Earlier systems employ feature-engineering based statistic models. MaxEnt-SVM (Cherry et al., 2013) utilizes a mixture of Max Entropy Classifier and Support Vector Machine (SVM). CRF-SVM (Tang et al., 2013) utilizes a hybrid system that trains different classifiers for different link types based on Conditional Random Fields and SVM. RULE-SVM (Nikfarjam et al., 2013) adds a rule based component to their SVM based system. More recent systems employ neural network based models. RNN-ATT (Liu et al., 2019) utilizes a recurrent neural network (RNN) with an attention layer. SP-ILP (Han et al., 2019; Leeuwenberg and Moens, 2017) employs a recurrent neural network jointly trained with structured learning and integer programming constraints. HyperGeo (Tan et al., 2021) applies a RoBERTa-base to embed events into hyperbolic space. CTRL-PG (Zhou et al., 2021) utilizes a BERT with probabilistic soft logic regularization and global inference. BTR-C uses a BERT temporal relation extractor with context window. For fair comparison, we collect results for RULE-SVM, MaxEnt-SVM, and CFR-SVM from Cherry et al. (2013); Tang et al. (2013); Nikfarjam et al. (2013), for RNN-ATT, SP-ILP, and CTRL-PG from Zhou et al. (2021), and run experiments for HyperGeo (without external knowledge) and BTR-C with the same network setup in Section 5.1.1.

TB-Dense

CAEVO (Leeuwenberg and Moens, 2017) proposes a cascading event ordering architecture for rule-based classifiers.
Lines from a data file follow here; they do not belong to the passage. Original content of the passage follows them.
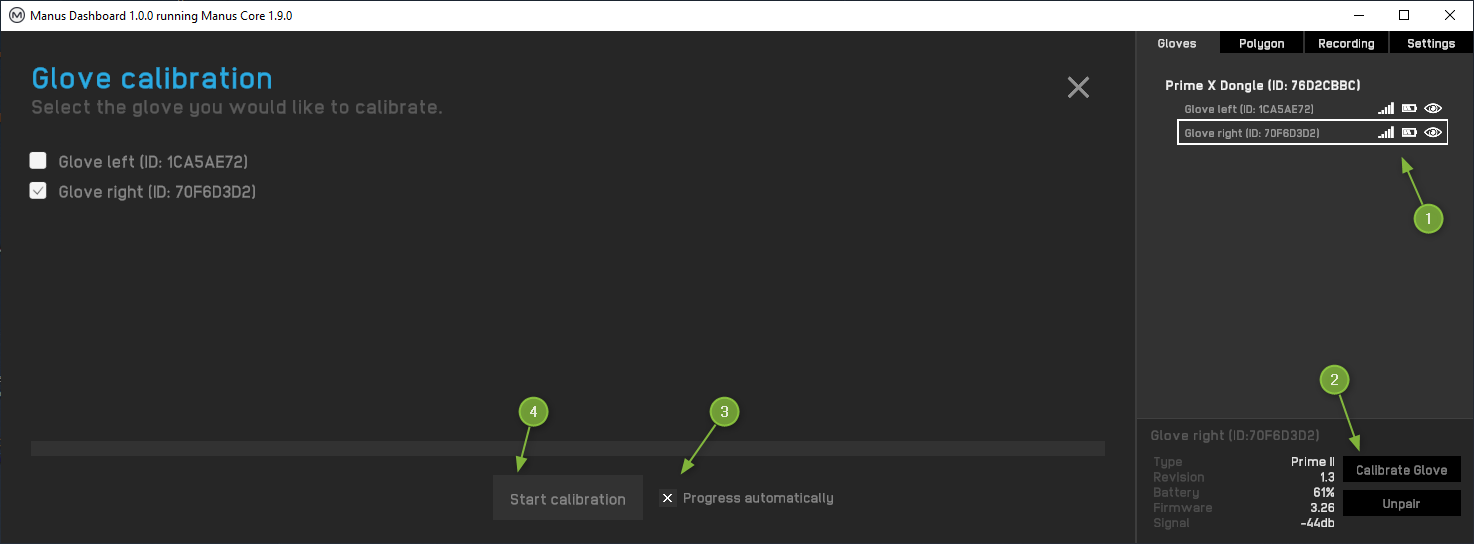 Sélectionner un premier gant (pastille n°1 ci-dessous) dans le Manus Dashboard puis cliquer sur Calibrate Glove (pastille n°2).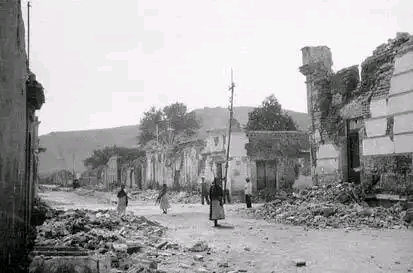 Paredes y casas derruidas y expandidas por las calles como un genuino polvorín. El polvo calcáreo invadiendo tus sensibles ojos, los sonidos incesantes del repicar de las campanas en las iglesias no dejaban de sonar….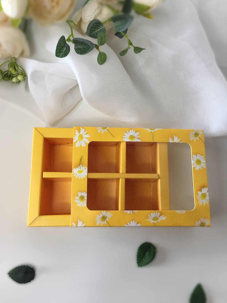 Коробка пенал на 6 конфет с внутренними разделителями, размер ячейки: 35х35х35 мм. Подходит для печенья, мармелада и иных сладостей. Может быть использована для размещения изделий ручной работы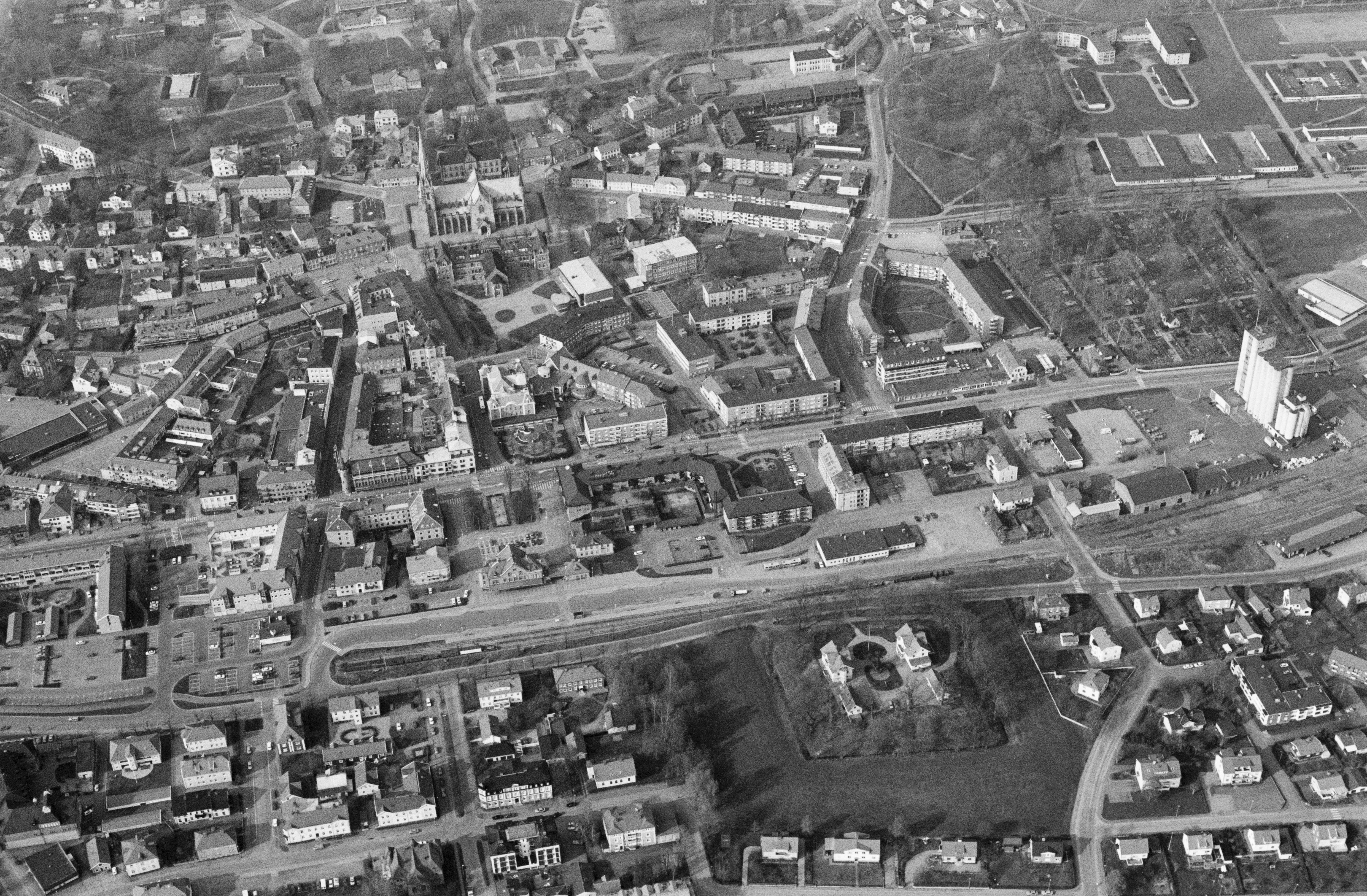 Beskrivning: Skara stad. Skara domkyrka (Sankta Maria) till vänster i bildens övre del. Bilden är tagen mot (väderstreck): SV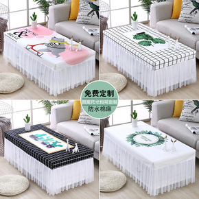防水茶几桌布布艺蕾丝北欧茶几套罩全包长方形客厅家用...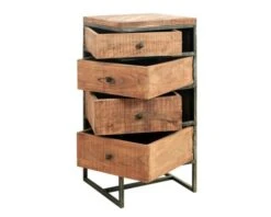 Avec son look industriel et épuré, ce coffre en bois d’acacia et métal « Bronx » sera parfait comme rangement d’appoint. Notre chiffonnier 4 tiroirs en bois exotique est un meuble stable et robuste. Haut de 90 cm, il repose sur un piétement en métal finition brute qui soutiendra parfaitement votre linge ou tout ce que vous aurez pu stocké dans ses modules. Tout sera parfaitement à l’abri de la poussière ou des regards indiscrets…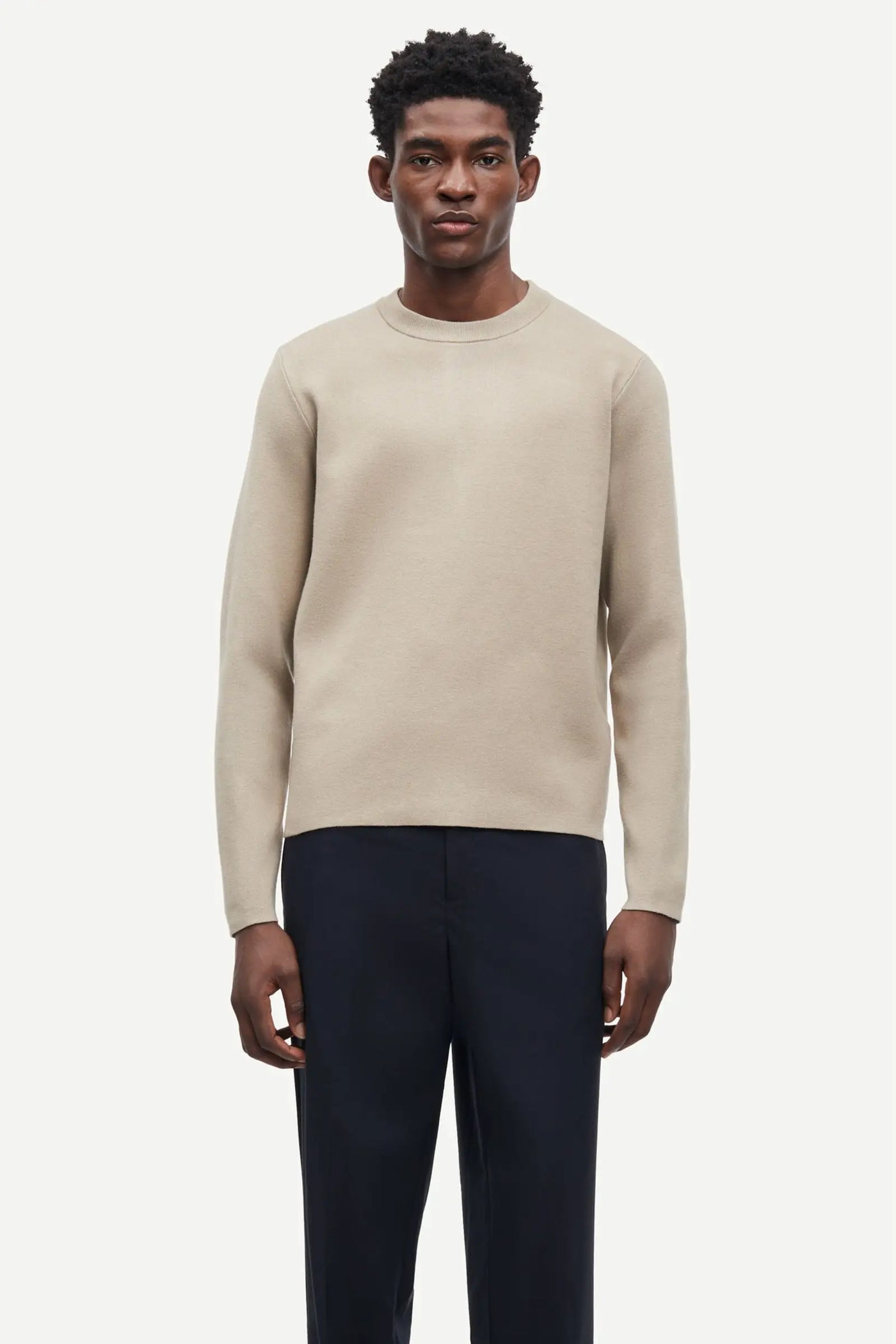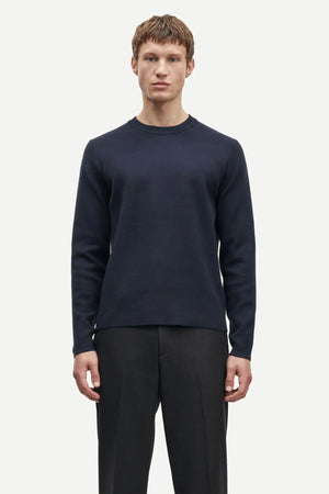 Pull ras-du-cou avec col côtelé. Point aiguille compact complet. Fil mélangé de viscose extensible de calibre fin.
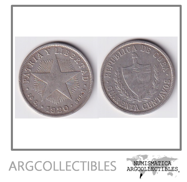 Cuba Moneda De Plata 40 Centavos 1920 Estrella Radiante Vf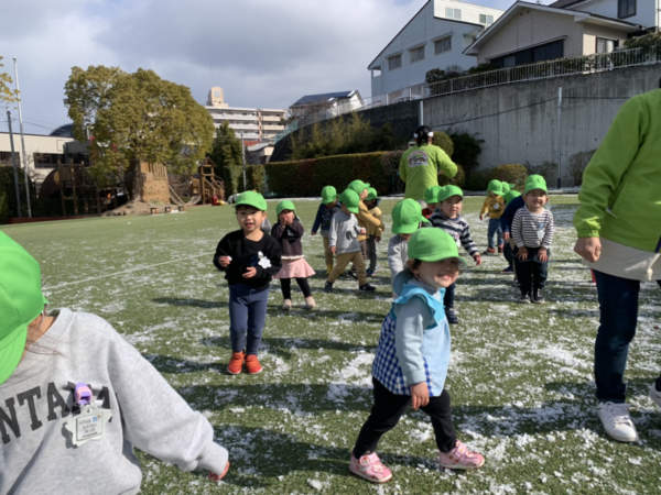 「わぁ~冷たぁ~い」「雪だるま作ろう!」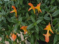 Outstanding, large orange flowers are produced all year on this vigorous, trailing plant with small, bright green leaves.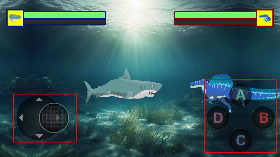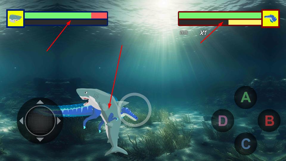 2、左側(cè)方向輪盤控制移動(dòng),右側(cè)A、B、C、D按鍵觸發(fā)攻擊,靈活操作躲避海怪進(jìn)攻,找準(zhǔn)時(shí)機(jī)反擊。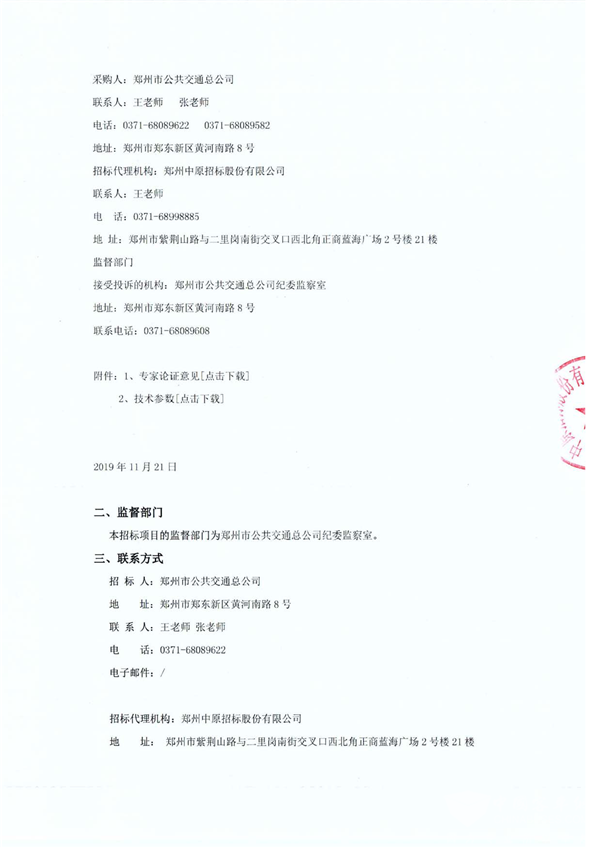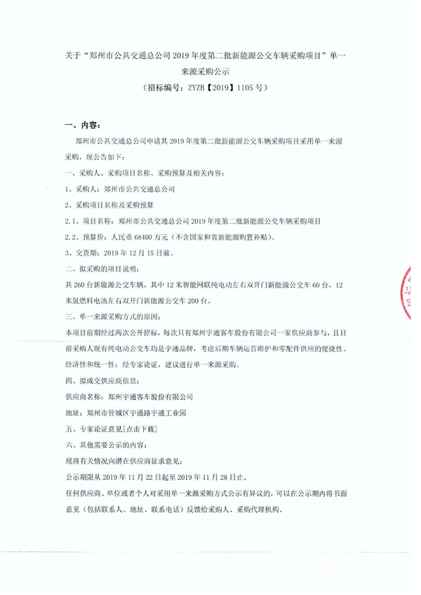 河南省郑州市公共交通总公司2019年度第二批新能源公交车辆采购项目公示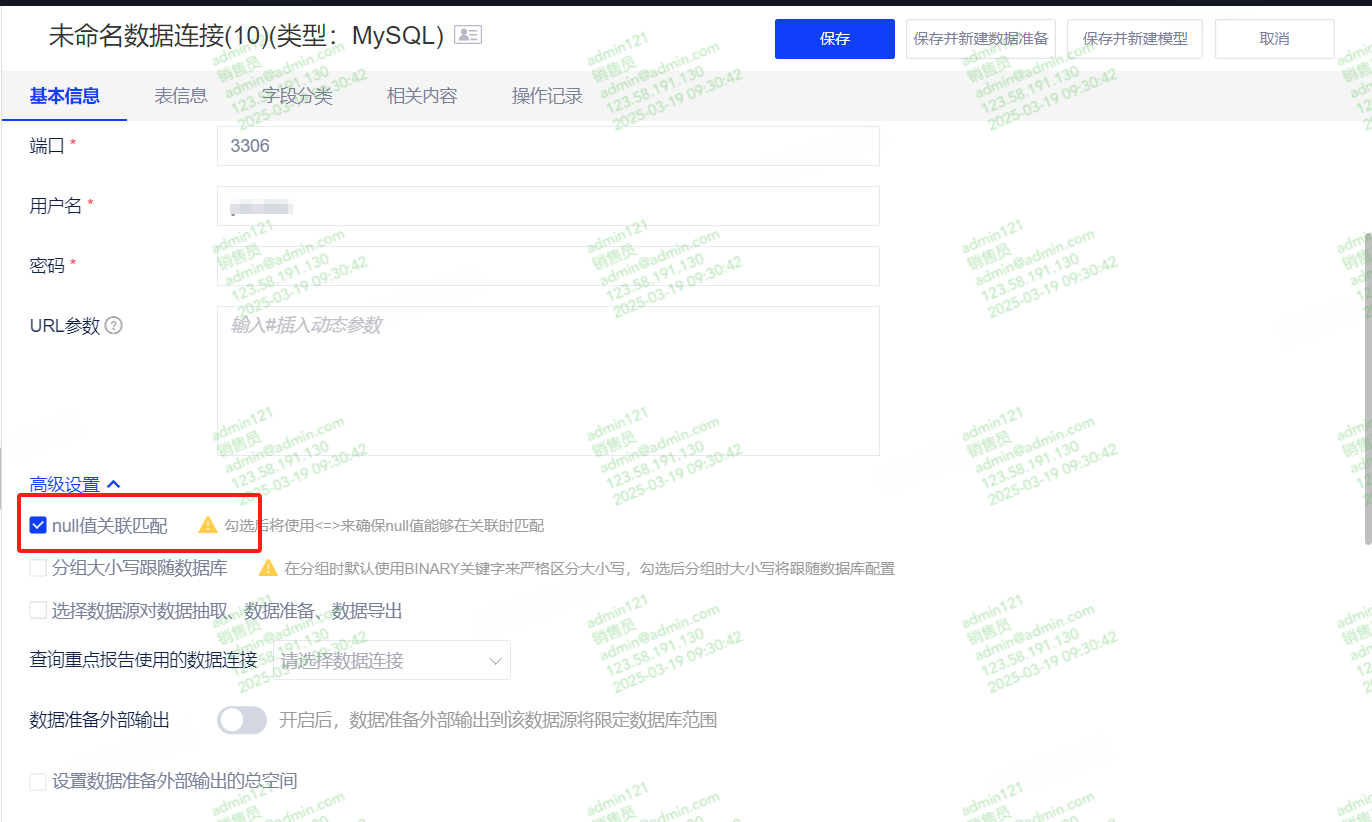 左右合并的两张表合并依据中如果有 null 值,null 之间不会互相匹配。若您需要对它们进行匹配,可以在【数据连接】-【高级设置】中开启null值关联匹配。

LSTM-DP (Cheng and Miyao, 2017) adopts a bidirectional long short-term memory (Bi-LSTM) for incorporating the dependency tree. GCL (Meng and Rumshisky, 2018) adds a global context layer to a RNN-based structure. SGT (Zhang et al., 2021) utilizes a syntax-guided attention mechanism to incorporate the dependency parsing tree for improving the supervised training of BERT. SP-ILP, BTR-C, and CTRL-PG are also compared against for I2B2. We collect the results for CAEVO, LSTM-DP, GCL, SP-ILP from Han et al. (2019), for CTRL-PG from Zhou et al. (2021), and for SGT from Zhang et al. (2021), and run experiments for BTR-C.

5.2. Results on I2B2

We experiment with different strategies for typed marker creation (Section 3.1.1) and the EVENT strategy (using EVENT types, SECTIME types, and “TIMEX” for TIMEX span) results in the best performance across precision (83.0%), recall (83.9%), and F1 (83.5%) (Table 5). Our best method BTR-CE, as it uses BERT for temporal relation extraction with context sentences and event makers. Comparing our BTR-CE against all the baseline methods (Table 3), it achieves the highest recall and F1, and the second highest precision across methods, with a remarkable 3.3% F1 improvement compared to CTRL-PG, the previous state-of-the-art model on I2B2.

Table 5:

Experimental results across different strategies of typed marker creation on I2B2 test set (%).

Strategy P R F1
mean std mean std mean std

DEFAULT 82.9 0.6 83.7 0.4 83.3 0.5

EVENT+POS 82.7 0.3 83.6 0.2 83.2 0.3
EVENT+TIME 82.8 0.4 83.6 0.4 83.2 0.4
EVENT+TIME+POS 82.9 0.3 83.7 0.3 83.3 0.3

EVENT 83.0 0.6 83.9 0.4 83.5 0.5

Table 3:

Experimental results across methods on I2B2 test set (%).

P R F1

RULE-SVM 71.1 58.4 64.1
MaxEnt-SVM 75.4 64.6 69.5
CFR-SVM 72.3 66.8 70.1

RNN-ATT 71.9 69.1 70.5
SP-ILP 78.1 78.2 78.2
HyperGeo 79.3 80.1 79.7
CTRL-PG 86.8 74.5 80.2

BTR-C 80.8 82.0 81.3
BTR-CE 83.0 83.9 83.5

Performance Breakdown for BTR-CE.

We perform subgroup analysis based on temporal relation types (Table 6), and link types (Table 7) for our best method. Performance breakdown based on temporal relation types (Table 6) demonstrates that the AFTER type has the lowest score across metrics (67.3% as precision, 65.4% as recall, and 66.3% as F1), while the BEFORE type achieves the best precision and F1 (88.7% and 86.1%). Their ascending order of overall TRE performance measured by F1 is consistent with their increasing proportion of the data, ranging from the AFTER type making up 9.7% of the I2B2 test data to the BEFORE type making up 53.2%. The performance breakdown based on link types reveals a similar trend of performance increment with higher data proportion. The TIMEX-TIMEX type, making up only 0.8% of the data, has the worst performance across metrics (73.3% as precision, 73.6% as recall, and 73.4% as F1), while the Event-Timex type (with SECTIME), making up 48.0% of the data, has the best performance across metrics (82.6% as precision, 82.7% as recall, and 82.6% as F1).

Table 6:

Performance breakdown based on temporal relation types on I2B2 test set for BTR-CE. P, R, and F1 are measured in percentage (%).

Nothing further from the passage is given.